A Big Hurt

July 31, 2012

A Big Hurt.
A Big Hurt (live, 1991).
A Big Hurt (Arsenio Hall Show, 1991).

The only sole Bowie composition on Tin Machine II was the misbegotten “A Big Hurt.” So don’t blame the band for this one: this was apparently Bowie’s long-stewed response to punk. Bowie had missed the height of the UK punk season, as he was living and working in France and Germany then, and he basically stayed clear of London until the Sex Pistols had broken up.* In the following decade, punk hardly informed Bowie’s music, if there’s arguably a trace of it on Scary Monsters. Like country & western, punk was a rare genre that Bowie seemed to have no interest in assimilating.

Now in Tin Machine, Bowie’s partners had been inspired or involved in punk, even if it was in far-diminished forms: Tony Sales had briefly played in a band, Chequered Past, with ex-Pistol Steve Jones, while Reeves Gabrels owed his style to the Mission of Burma and the Gang of Four.

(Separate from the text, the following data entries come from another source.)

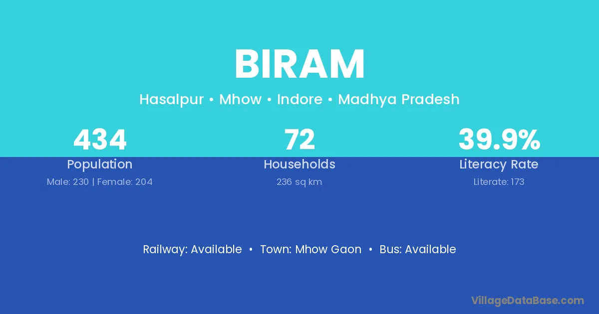Biram village has a total population of 434 people, of which 230 are males and 204 are females.
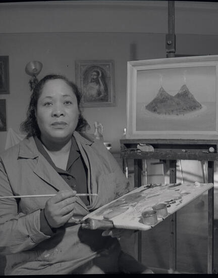 Art by Celebrities Sponsored by the Urban League [Mary Martin holding her painting.]
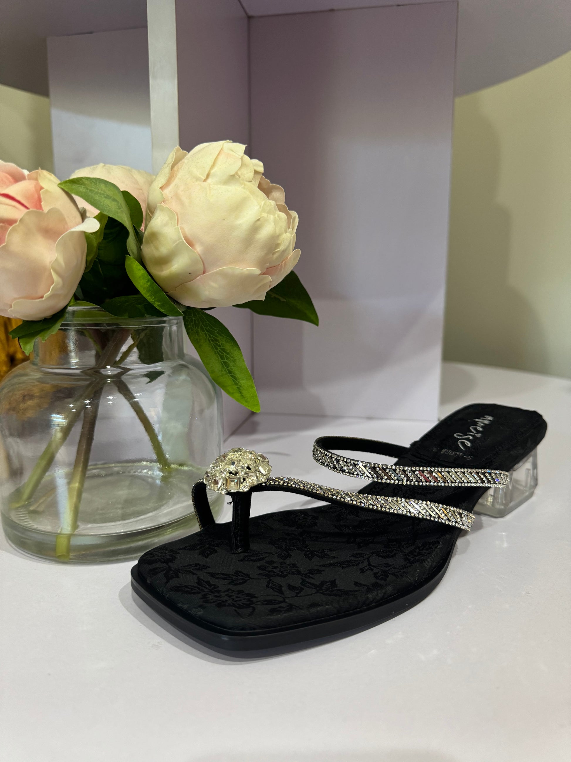 Features a velvet featured soul with jewelled and beaded accents with a beautiful jewelled toe, square flat heel with a matching squared toe area.
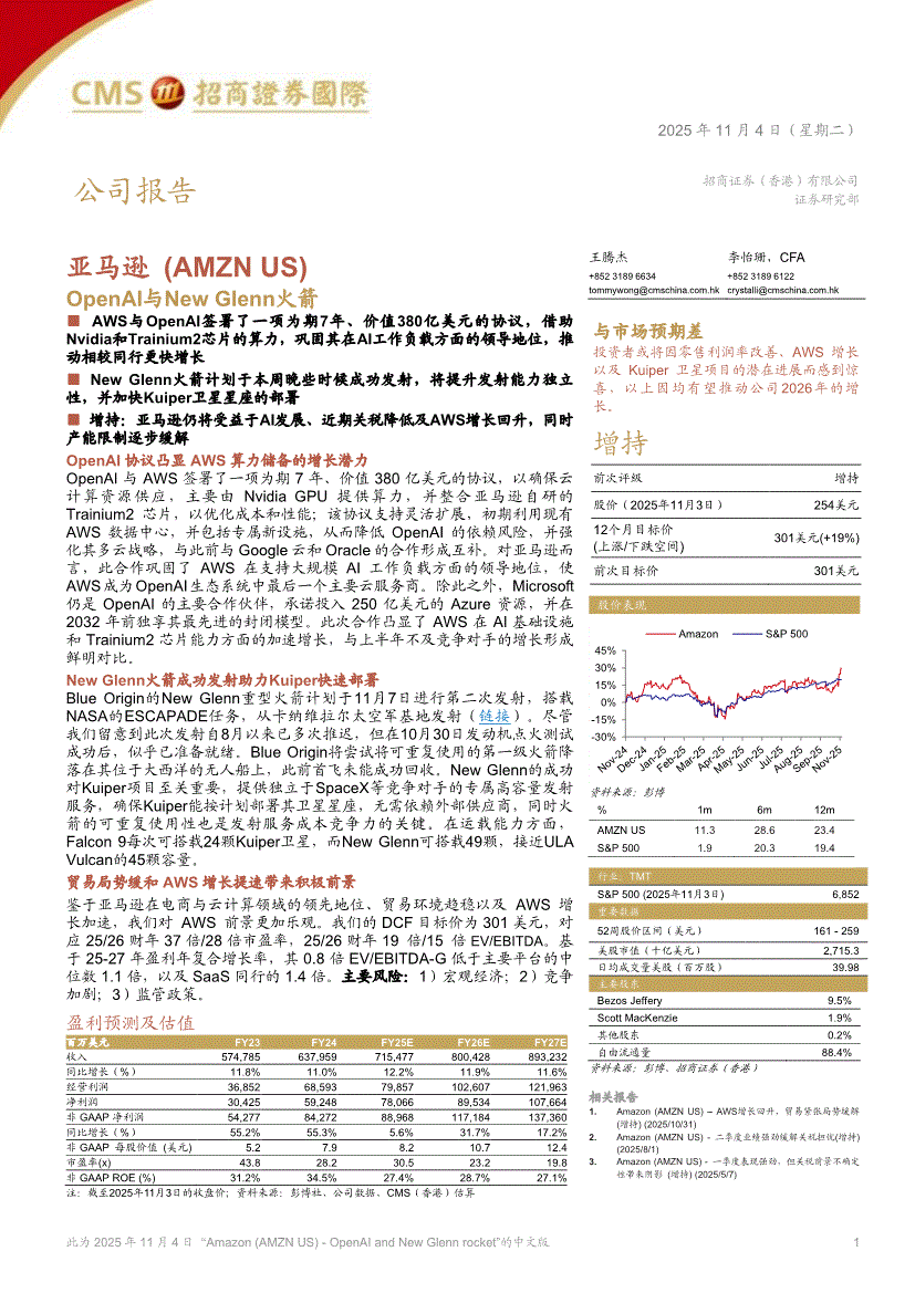 亚马逊:招商证券(香港)-亚马逊-AMZN.US-OpenAI与New Glenn火箭-251104
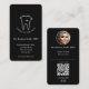 Die elegante moderne zahnärztliche Kieferorthopädie Dental Black Gray Visitenkarte. Mit seinem atemberaubenden silbernen Zahlopo, dem runden Foto, dem QR-Code und dem in opulentem Grau anpassbaren Text verströmt diese Karte Eleganz und Raffinesse.

So Bowie had an arsenal if he wanted it. “Tin Machine,” a vague attempt at hardcore, had been a first foray, and now “A Big Hurt,” with its stub of a guitar riff, stop-start dynamics (Bowie again aping his beloved Pixies) and a screamed-mumbled vocal, went full-tilt.

The Machine carried it off fairly well—the guitar/kick drum sparring in the chorus, Hunt Sales’ Benzedrine-paced drumming (the tempo was even faster live), a suitably tasteless Gabrels solo. It’s Bowie who wound up with egg on his face, whether for his hoarsely shrieked verses, his crap lyric (inspirational couplet: “I’m a believer/you’re the sex receiver“) or his awful phrasing (the way Bowie belches out “big HURT”). As with “Stateside,” a modestly-interesting bridge serves as distraction or compensation—not enough in either case.

Recorded ca. September-October 1989, Studios 301, Sydney. A version recorded by the BBC was issued in October 1991 as a B-side of the 12″ “Baby Universal.” Played throughout the “It’s My Life” tour, 1991-92.

* Not so poor Mick Ronson, who in 1976 went out to Oxford Circus dressed in his glam gear, only to be ridiculed by the punk kids.

Top: Joey Harrison, “New Orleans buskers, 1990.”